__What the exercise asks__
Copy out the whole listing exactly as written, leaving the pictures behind.

__Information provided__
------------

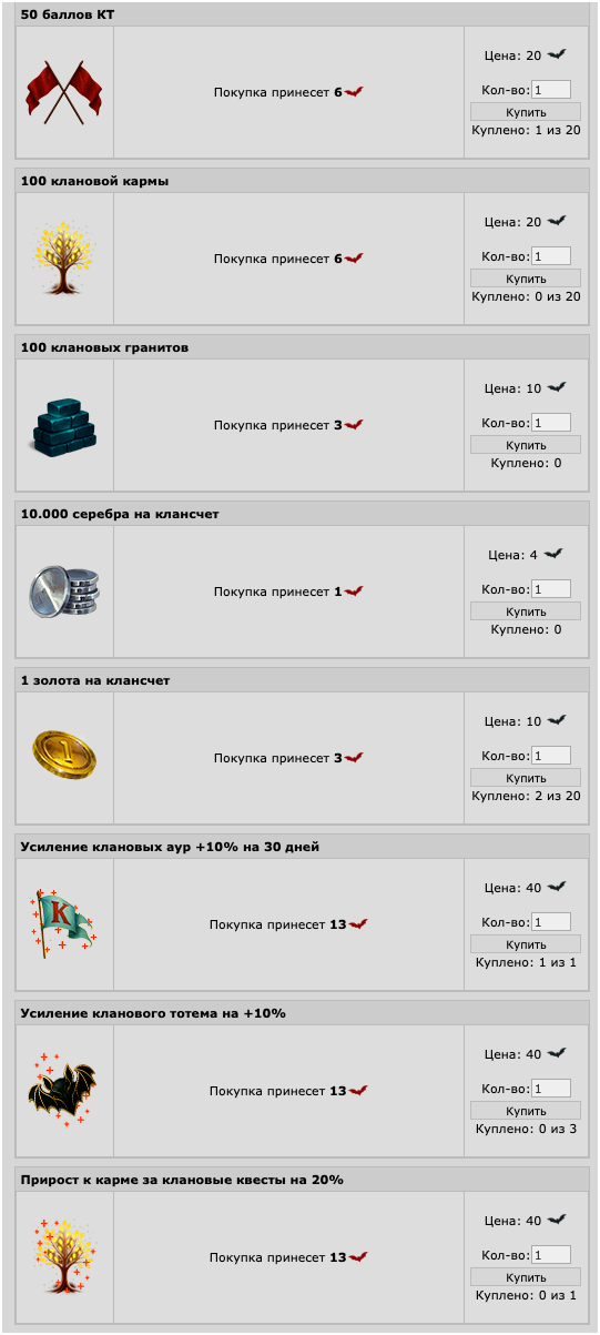 Вкладка "Клановый магазин". Как уже описывалось выше, при заполнении каждой шкалы клан также получает специальную валюту - Черный Вампир (ЧВ). Количество получаемых ЧВ зависит от номера шкалы: за закрытие [1 2 3 4 5 6 7 8 9 10 11 12 13+] шкалы клан получает [7 8 9 10 11 12 13 14 15 16 17 18 20] ЧВ. ЧВ отображается во вкладке "Клановый магазин" в формате X/Y (где X - количество доступных ЧВ, а Y - количество заработанных ЧВ за весь ивент). В этой вкладке расположен магазин клановых валют и бонусов, которые можно купить за ЧВ. Доступ к просмотру вкладки есть у всех сокланов, к покупке - только у тех, кто имеет в правах галочку “Может управлять ресурсами”.
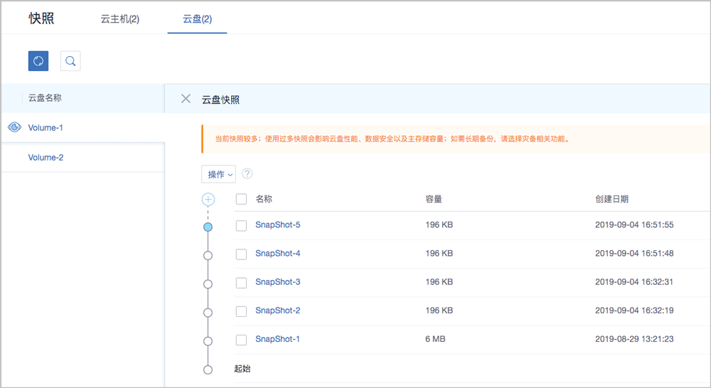 • 在生产环境中,建议单块磁盘的快照数量尽量控制在5以内。快照过多会影响云主机/云盘/弹性裸金属实例的I/O性能、数据安全以及主存储容量。如需长期备份,建议使用灾备服务。
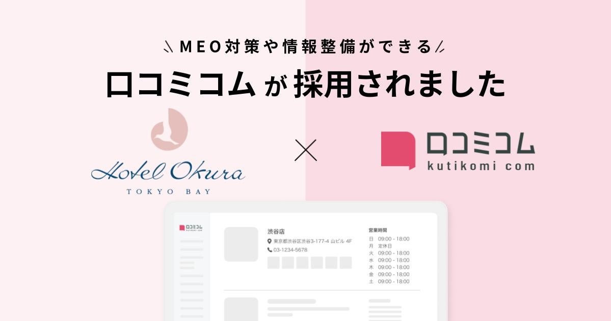 株式会社mov(代表取締役:渡邊 誠、本社:東京都渋谷区)が提供する、店舗・施設向け集客一元化プラットフォーム「口コミコム」が、株式会社ホテルオークラ東京ベイ(代表取締役社長:美濃地 誠、本社:千葉県浦安市)において採用されたことをお知らせいたします。今回の導入により、MEO対策・インバウンド対応を強化し、施設ごとの集客施策を効率的に展開することで、国内外の宿泊客数拡大を目指します。
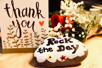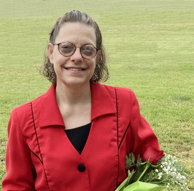 May 12, 2022 - Karen Paynter is given a rose to celebrate her upcoming retirement. |
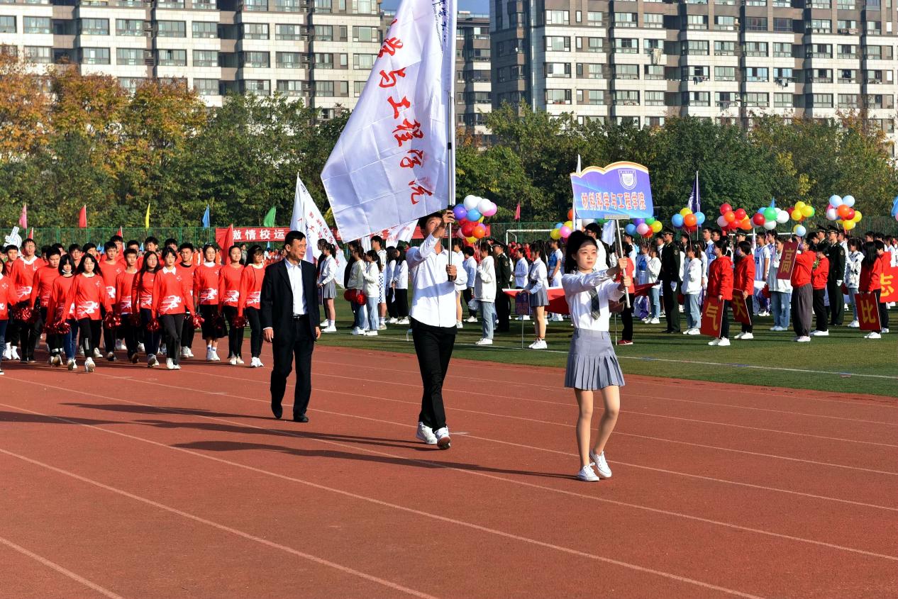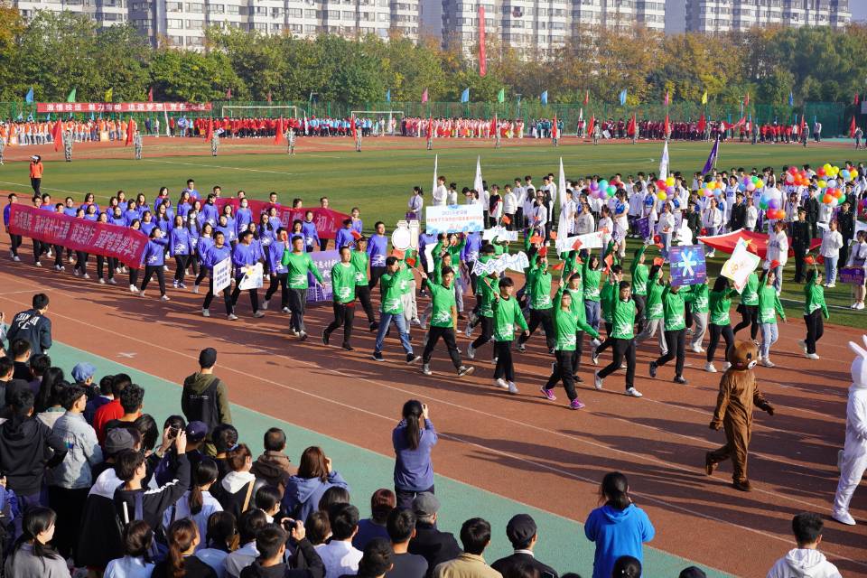 腐漫画 方阵由三个部分组成:本科生方阵、研究生方阵、教工方阵,他们分别身着红、绿、蓝三色的队服,象征着“战邮”红色之魂、“邮电”绿色之新、“信息”蓝色之志。走在方阵最前面的是材料院院长范曲立教授,带领腐漫画 师生将体育精神融入科研与育人。

------------

__The answer__
 Вкладка "Клановый магазин". Как уже описывалось выше, при заполнении каждой шкалы клан также получает специальную валюту - Черный Вампир (ЧВ). Количество получаемых ЧВ зависит от номера шкалы: за закрытие [1 2 3 4 5 6 7 8 9 10 11 12 13+] шкалы клан получает [7 8 9 10 11 12 13 14 15 16 17 18 20] ЧВ. ЧВ отображается во вкладке "Клановый магазин" в формате X/Y (где X - количество доступных ЧВ, а Y - количество заработанных ЧВ за весь ивент). В этой вкладке расположен магазин клановых валют и бонусов, которые можно купить за ЧВ. Доступ к просмотру вкладки есть у всех сокланов, к покупке - только у тех, кто имеет в правах галочку “Может управлять ресурсами”.
 • 在生产环境中,建议单块磁盘的快照数量尽量控制在5以内。快照过多会影响云主机/云盘/弹性裸金属实例的I/O性能、数据安全以及主存储容量。如需长期备份,建议使用灾备服务。
 株式会社mov(代表取締役:渡邊 誠、本社:東京都渋谷区)が提供する、店舗・施設向け集客一元化プラットフォーム「口コミコム」が、株式会社ホテルオークラ東京ベイ(代表取締役社長:美濃地 誠、本社:千葉県浦安市)において採用されたことをお知らせいたします。今回の導入により、MEO対策・インバウンド対応を強化し、施設ごとの集客施策を効率的に展開することで、国内外の宿泊客数拡大を目指します。
 May 12, 2022 - Karen Paynter is given a rose to celebrate her upcoming retirement. |
 腐漫画 方阵由三个部分组成:本科生方阵、研究生方阵、教工方阵,他们分别身着红、绿、蓝三色的队服,象征着“战邮”红色之魂、“邮电”绿色之新、“信息”蓝色之志。走在方阵最前面的是材料院院长范曲立教授,带领腐漫画 师生将体育精神融入科研与育人。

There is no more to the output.